- Directed by: Alfred Sole
- Written by: Jaime Klein Richard Whitley
- Produced by: Doug Chapin
- Starring: Tom Smothers; Carol Kane; Judge Reinhold; Paul Reubens; Debralee Scott; Candice Azzara;
- Cinematography: Michel Hugo
- Edited by: Eric Jenkins
- Music by: Dana Kaproff
- Production companies: United Artists; Krost/Chapin Productions; TMC Venture;
- Distributed by: MGM/UA Distribution and Marketing
- Release date: April 2, 1982;
- Running time: 82 minutes
- Country: United States
- Language: English
- Budget: $5 million

= Pandemonium (1982 film) =

1982 comedy film directed by Alfred Sole spoofing horror movies

Pandemonium is a 1982 American parody slasher film. It was directed by Alfred Sole and features an ensemble cast including
Tom Smothers, Eileen Brennan, Phil Hartman, Tab Hunter, Judge Reinhold, Carol Kane, David Lander, Eve Arden, and Paul Reubens.

The film went into production under the working title of Thursday the 12th. The film was the last feature in which Eve Arden appeared and also the last feature film Sole directed in his career.

The film is set in Indiana, focusing on a fictional cheerleading camp. The camp closed in 1963, following the murders of several cheerleaders at an affiliated university. Nearly twenty years later, a veteran cheerleader re-opens the camp and ignores warnings about a supposed curse on the camp. The killings soon start again. The killer turns out to be a local celebrity, who never fulfilled his dreams of becoming a cheerleader.

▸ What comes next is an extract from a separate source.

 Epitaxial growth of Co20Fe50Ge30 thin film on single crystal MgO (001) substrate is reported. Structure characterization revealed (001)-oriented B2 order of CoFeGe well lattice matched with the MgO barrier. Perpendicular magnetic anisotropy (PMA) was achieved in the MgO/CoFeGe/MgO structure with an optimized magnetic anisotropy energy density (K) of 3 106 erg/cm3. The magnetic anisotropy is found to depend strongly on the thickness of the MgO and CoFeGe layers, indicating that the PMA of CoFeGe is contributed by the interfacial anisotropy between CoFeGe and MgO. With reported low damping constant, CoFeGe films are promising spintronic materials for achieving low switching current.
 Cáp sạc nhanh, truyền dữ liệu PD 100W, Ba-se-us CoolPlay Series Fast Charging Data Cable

Pandemonium was released in theatres on April 2, 1982.

==Plot==
In the fictional town of It Had To Be, Indiana, fullback Blue Grange scores the winning touchdown for It Had To Be University in the 1963 National Championship game. Afterwards, a shunned cheerleader named Bambi is seen fawning over Grange's locker before the on-field celebration pours into the locker room. As a group of cheerleaders are cleaning up the field after the game, all five are skewered with a javelin thrown by an unknown assailant. The bizarre murder makes headlines, as does a subsequent murder involving exploding pompons. As a result, the college's summer cheerleading camp is closed down. In 1982, the camp reopens with Bambi as the instructor. After arriving on campus, she meets Pepe the maintenance man and his mother Salt. Both warn her against reopening the camp as they believe it to be cursed with death, but Bambi is undeterred.

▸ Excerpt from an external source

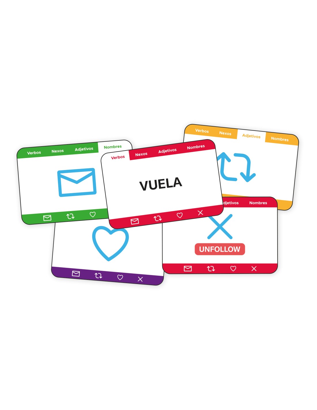 En Unfollow, cada jugador debe construir frases encadenadas a partir de las cartas del centro de la mesa, manteniendo la coherencia y sin equivocarse. Puede parecer sencillo, pero conforme el hilo crece, también aumenta la confusión. ¿Podrás mantener la concentración y no quedarte con todas las cartas?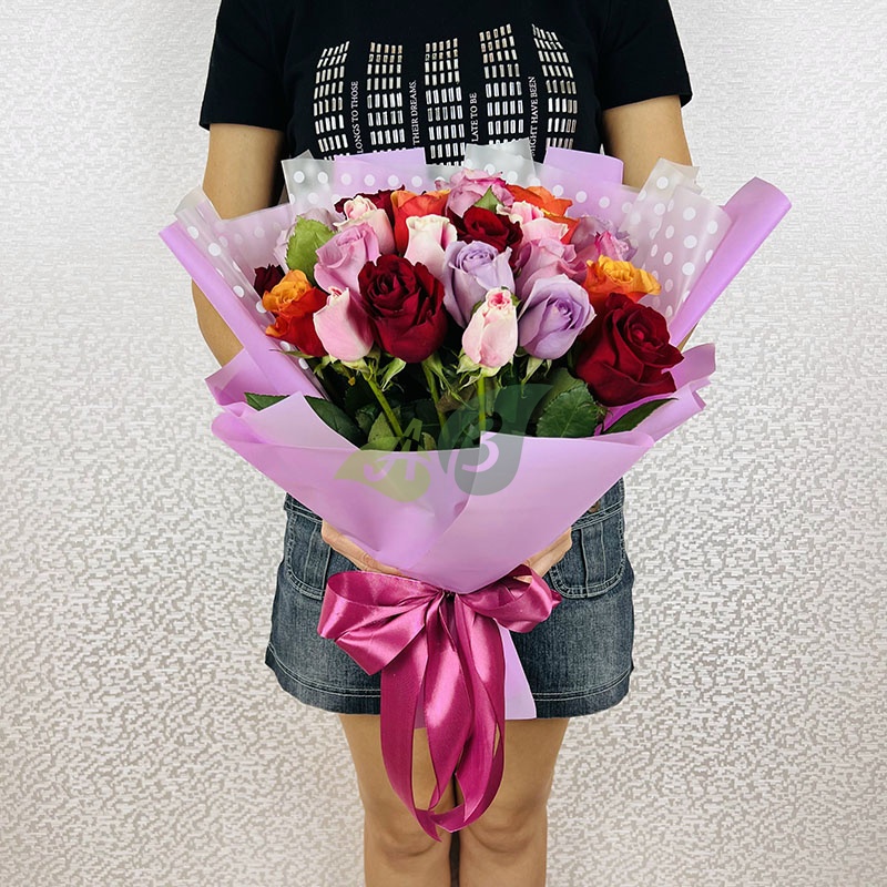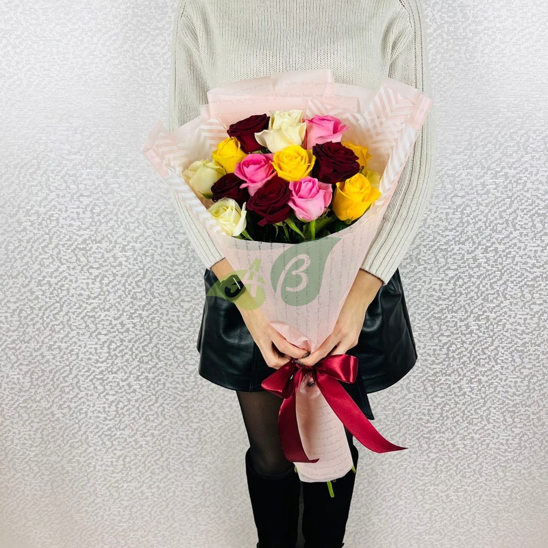 Букет "25 разноцветных роз" (60 см)

At a bus station, a young woman named Candy (labeled Victim #1) prepares to board a bus to the cheerleading camp but her religious fanatic mother tries to dissuade her. As they quarrel, red beams of light streak from Candy's eyes and levitate her mother into the air. As she hangs suspended, Candy tells her that she just wants to be normal and marches away to catch the bus. Elsewhere, a male cheerleader named Glenn Dandy (Victim #2) says goodbye to his eccentric family before leaving for camp. Next, Mandy (Victim #3) is introduced by her father in a beauty pageant-style interview, revealing her obsession with dental hygiene. Sandy (Victim #4) asks for directions to the camp at a food truck and decides to hitchhike, but insists on getting references from every driver she passes (eventually accepting a ride with then-U.S. President Ronald Reagan). Andy and Randy (Victims #5 and #6 respectively), two lecherous male cheerleaders, are shown smoking marijuana while driving to the camp. The cheerleaders assemble at the camp and are greeted by Bambi.

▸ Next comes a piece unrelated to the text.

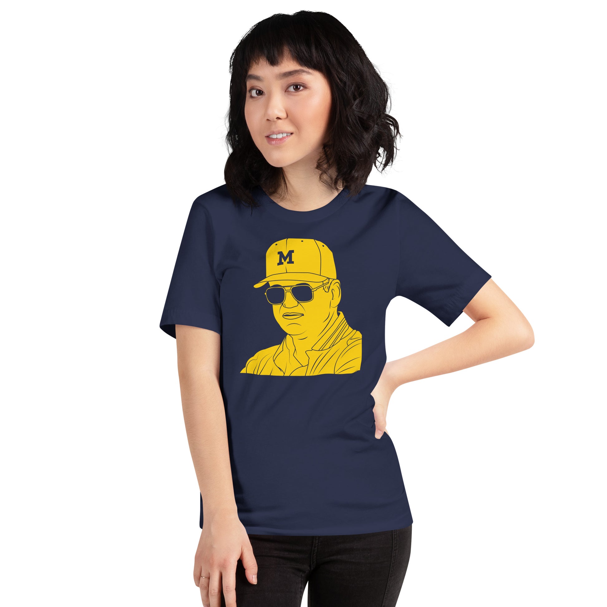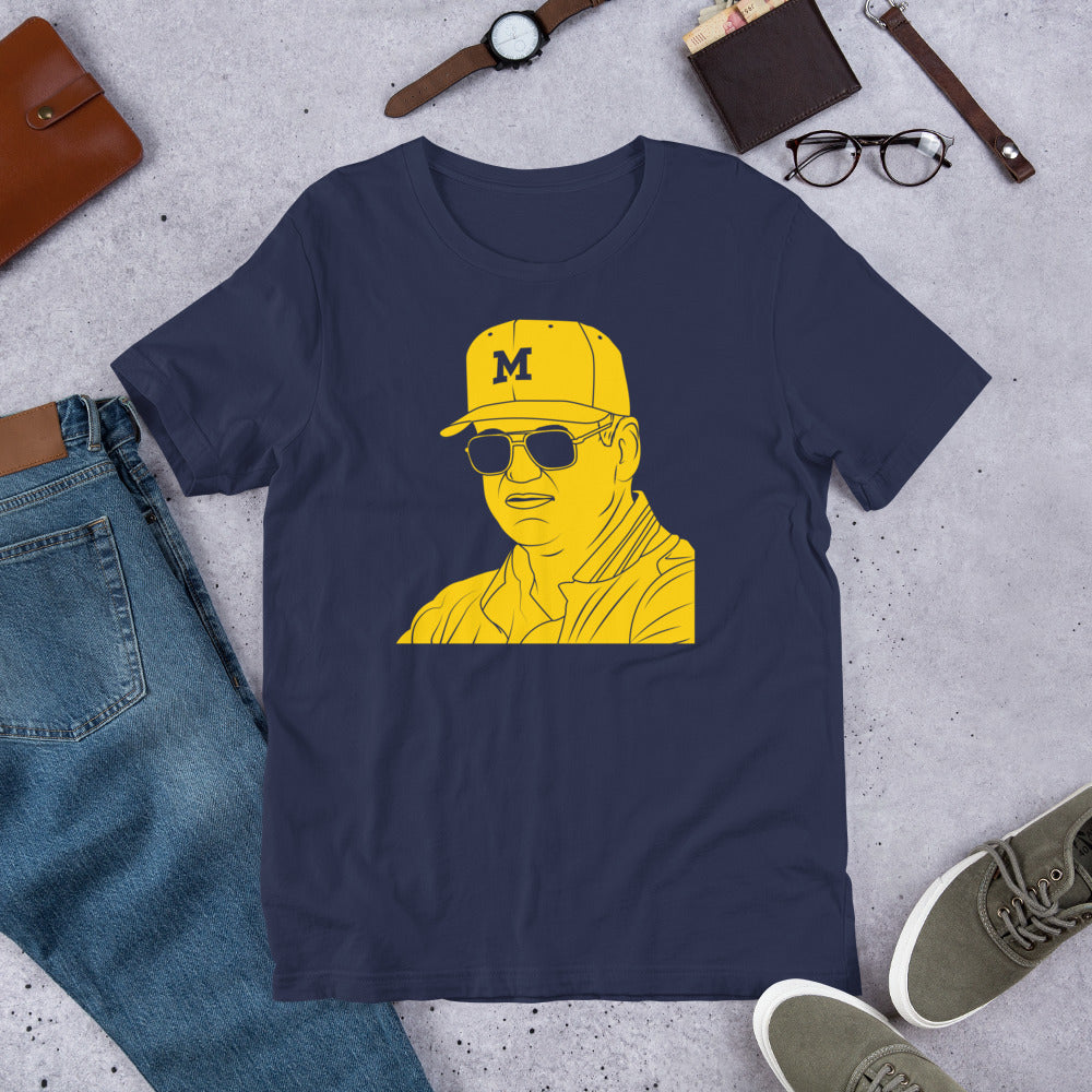 Whether you're cheering on the Wolverines at the Big House, tailgating with fellow fans, or simply want to showcase your Michigan pride, this Bo Schembechler t-shirt is a must-have addition to your game day wardrobe. The eye-catching design is sure to spark conversations and connect you with other passionate Michigan supporters who share your appreciation for the Wolverines' storied football history.

Meanwhile, a Canadian Mountie named Sgt. Reginald Cooper makes a phone call to Warden June to express his concerns about the new cheerleading camp. He also learns of an escaped convict named Jarrett who murdered his entire family with a hand drill and turned them into bookshelves. Cooper then leaves the station in the care of his ill-tempered assistant Johnson to visit the Indiana State Asylum, where he inquires about another recent escapee named Fletcher, who is shown hitching a ride to the college with Jarrett.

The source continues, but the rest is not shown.